Let $A,C\in\mathbb{R}^{m\times n}$, $n\ge m$, $B\in\mathbb{R}^{n\times m}$, and $P$ be a real positive definite $m\times m$ matrix. Denote by $\mathcal{S}^n$ the space of $n\times n$ real symmetric matrices. Suppose that $AB$ is non-singular. Let us define
$$F := (AB)^{-1} CB (AB)^{-1}P(AB)^{-\top} + (AB)^{-1}P(AB)^{-\top}(CB)^\top (AB)^{-\top}.$$
Next, consider the scalar function $$ c(X)=\mathrm{tr}(B^{\top}XBF) $$ where $X\in\mathcal{S}^n$ is such that $B^{\top}XB\ne 0$ and $\mathrm{tr}(\cdot)$ denotes the trace operator.
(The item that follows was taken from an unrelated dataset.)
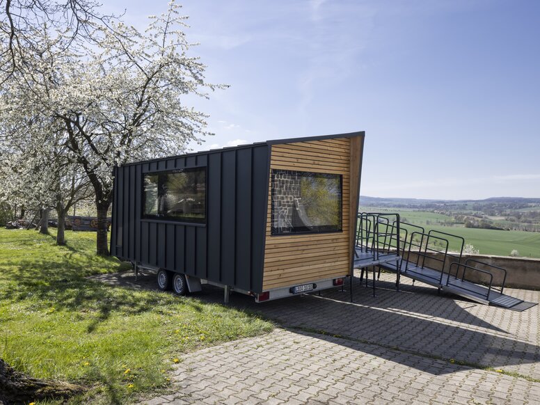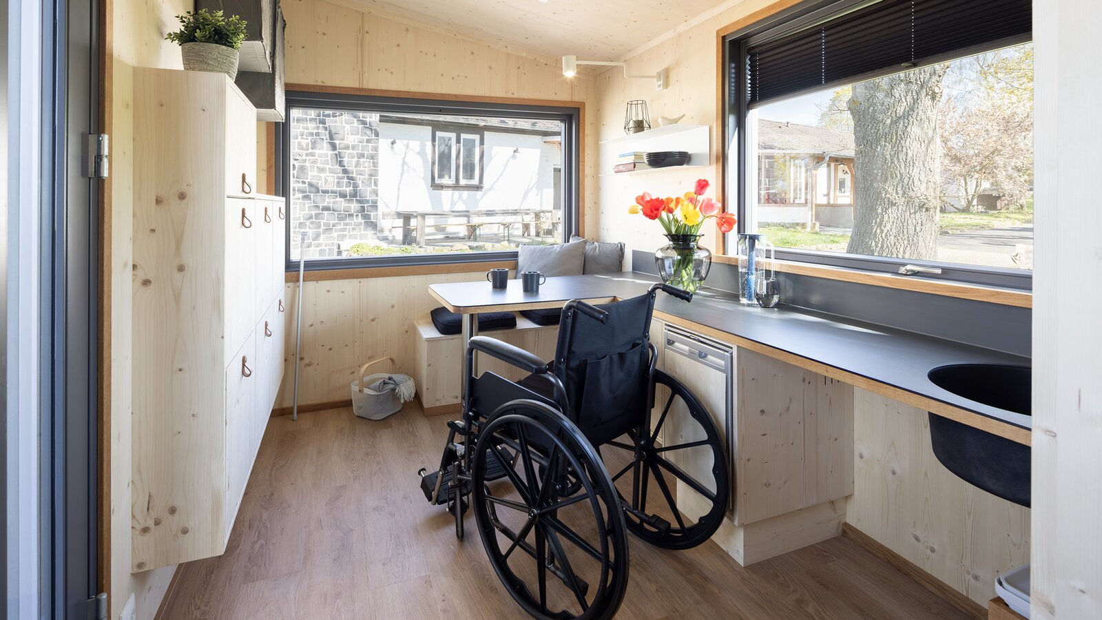 Christian Bock : Pour nous, il était particulièrement important que la Tiny Rolli House soit certes accessible en fauteuil roulant, mais qu'elle conserve néanmoins le charme d'une tiny house. Elle ne doit en aucun cas faire penser à une « maison de repos » ou à un « hôpital ». En même temps, il devait y avoir des fonctions importantes pour que Monsieur Conrad puisse se déplacer de manière autonome dans la tiny house. Il s'agissait par exemple de barres d'appui ou d'un siège de douche dans la salle de bains. Nous ne voulions toutefois pas mettre l'accent sur ses déficits, mais l'aider au mieux. La Tiny Rolli House doit avoir une influence positive sur ses habitants. L'apparence et le design ne doivent pas être négligés. Une particularité de cette maison est certainement la rampe qui permet aux personnes en fauteuil roulant d'accéder confortablement à la tiny house. Pour assurer une bonne adhérence des pneus, nous avons posé un revêtement de sol design. Un réfrigérateur extractible, une table chauffée adaptée à un fauteuil roulant ainsi qu'un évier et une plaque de cuisson à portée de main assurent le confort d'habitation souhaité. La petite surface s'est même avérée être un avantage pour M. Conrad : Il dispose des choses les plus importantes dans un espace restreint, il n'a qu'à se retourner. Depuis son lit, il peut se hisser directement sur les toilettes sans utiliser son fauteuil roulant.

Is it possible to find a suitable $X$ such that $c(X)$ turns into a quadratic expression, i.e., something of the form $$ c(X)=\mathrm{tr}(L^\top Y L), $$ where $L$ and $Y$ are functions of $A,B,C,P$ and $Y$ is positive definite?
Note. I made several attempts with different $X$'s, but without any success yet. Hence, I wonder whether there is a rationale to follow either to get a positive answer to my question or to prove that this is actually not doable.